| Sorry for the accidental post.
### Rule definition need to revise!! ###
Complete URL or lower level definition should be given more
priority than ignore rule of upper incomplete wildcard
definition or less complete URL. Never erase when lower,
deep, more complete level. Yes, seems to me, HTtrack scans
the lower. more complete URL, but the result is NOTHING.
DOES HTT erase them?
You would advise me, use "Just scan link" option for
experts would help solve, but it is a trick or tips and
then output LOG needs to be more user-frendly like mass
downloader like FlashGet or GetRight.
Recent most sites always have a direct link to not fully
defined "top level" dir. This dynamic construction makes a
rule definition silly and ugly. When I just want like a
page - a complete copy of
<http://www.site.com/asp?dynamic=3267+en+keyword;want>. I just tons of ignore
list
-http://www.site.com/index.asp?=a*
-http://www.site.com/index.asp?=b*
....+http://www.site.com/asp?d=* .... until ...?=z* HT
stop at the top site of a very big site and test all asps
or phps for minites. Great job but dynamic page cache
option with TTL (ofcurse, URL-based switch for avoiding bad
results - result might change by reffer... At least seems
dynamic page cache is not working or nothing
Well,,,, Does I miss something important rule features? -
If so, sorry for that... please be good.
BTW, Just for one page, I use web integrated mass
downler's "download all on this page" to see what to get.

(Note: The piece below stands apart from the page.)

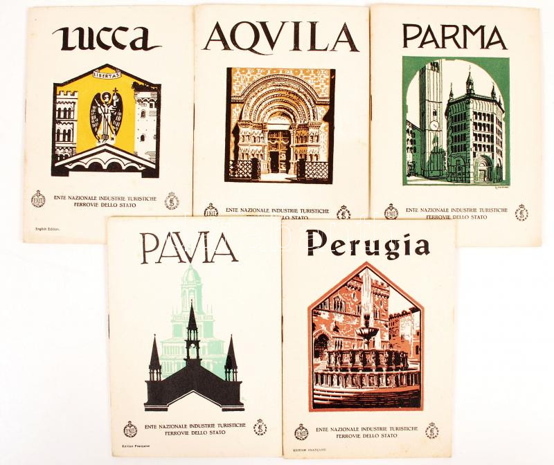 Beschreibung: cca 1930-1940 5 db Olaszországgal foglalkozó utazási prospektus angol és francia nyelven (Perugia, Pavia, Parma, Aquila, Lucca) /

It very handy. But resulting rule is a very ugly. Yes, just
one page is technically difficult.
Well, for a workaround, I put must-have item URL on start
page, but auto-created index become ugly... Please rewrite
the code to give priority to more deeper URLs then uppers.
HTtrack is one of the most useful tool - WORKING ANYWAY ,
great job!! - a must-have tool! but let me "DO MORE THAN
LESS" grin.
| |